Only an exact copy of the lines from the one containing "Электронная ударная установка" through the last line of the material below belongs in the answer, with no pictures.

[Input data]:
--- START ---

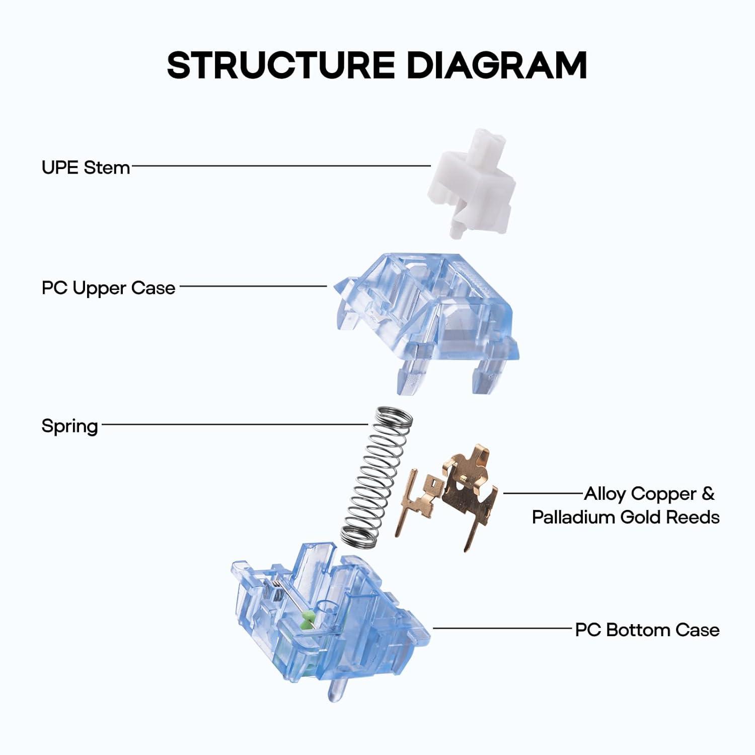 Factory-Lubricated for Enhanced Smoothness: Pre-lubricated at the factory, the Aqua Switch minimizes internal friction and reduces pinging or scratchiness often found in unlubed clicky switches. This results in a more polished keystroke feel with improved sound control—ready for deployment without additional tuning
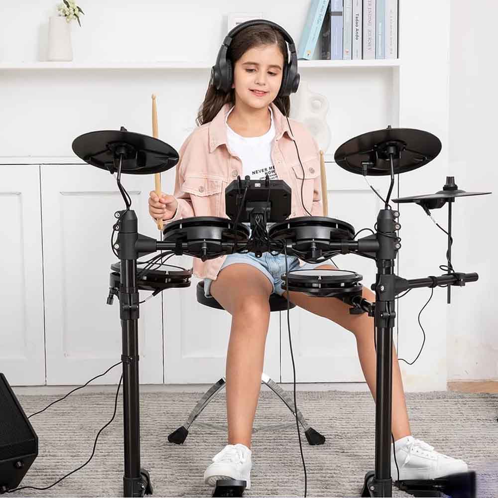 Электронная ударная установка Donner DED-80P имеет гибкую конструкцию стойки, которая позволяет регулировать высоту и угол наклона для всех юных игроков.
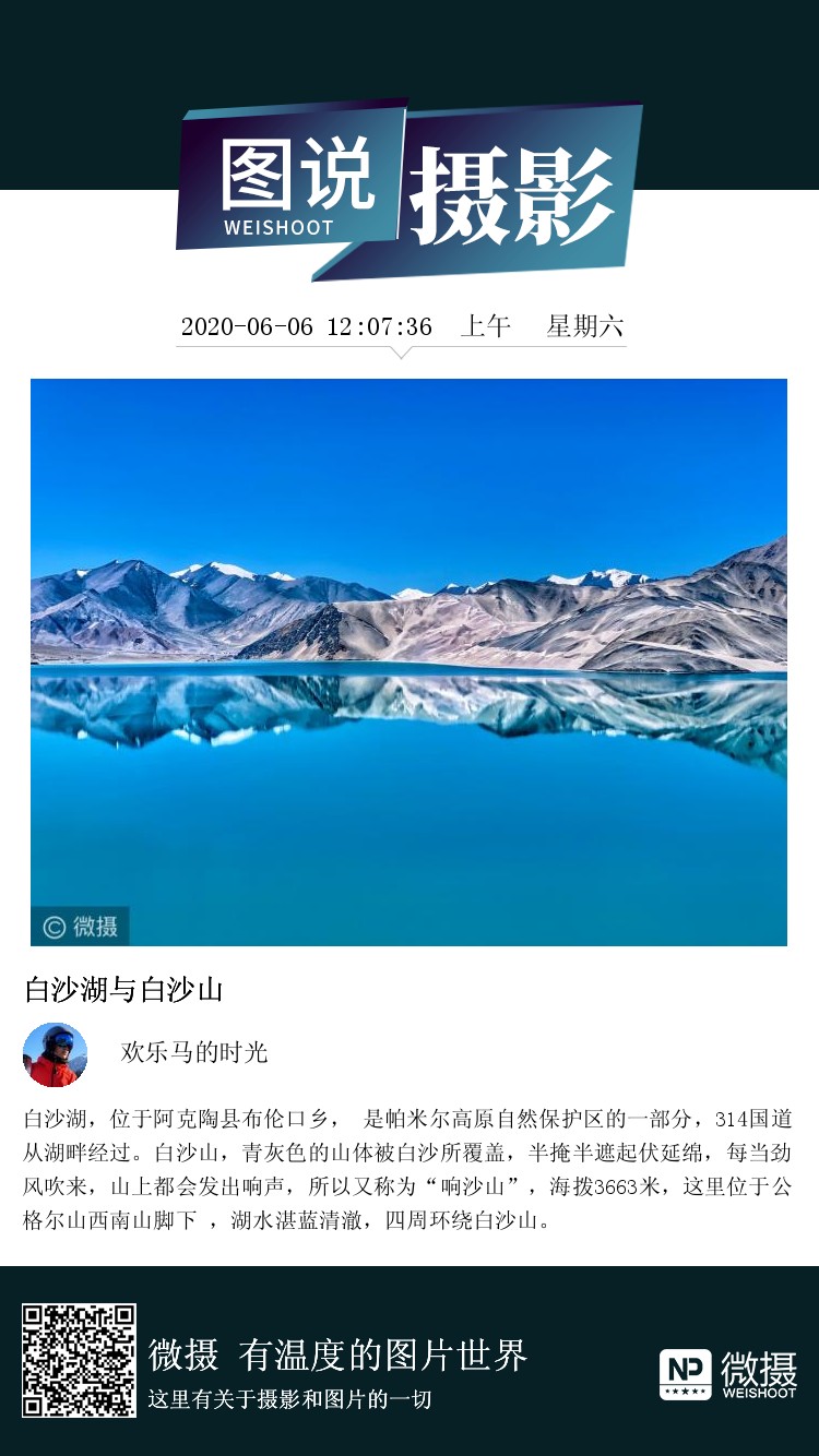 白沙湖,位于阿克陶县布伦口乡, 是帕米尔高原自然保护区的一部分,314国道从湖畔经过。白沙山,青灰色的山体被白沙所覆盖,半掩半遮起伏延绵,每当劲风吹来,山上都会发出响声,所以又称为“响沙山”,海拨3663米,这里位于公格尔山西南山脚下 ,湖水湛蓝清澈,四周环绕白沙山。

--- END ---

[Problem solution]:
 Электронная ударная установка Donner DED-80P имеет гибкую конструкцию стойки, которая позволяет регулировать высоту и угол наклона для всех юных игроков.
 白沙湖,位于阿克陶县布伦口乡, 是帕米尔高原自然保护区的一部分,314国道从湖畔经过。白沙山,青灰色的山体被白沙所覆盖,半掩半遮起伏延绵,每当劲风吹来,山上都会发出响声,所以又称为“响沙山”,海拨3663米,这里位于公格尔山西南山脚下 ,湖水湛蓝清澈,四周环绕白沙山。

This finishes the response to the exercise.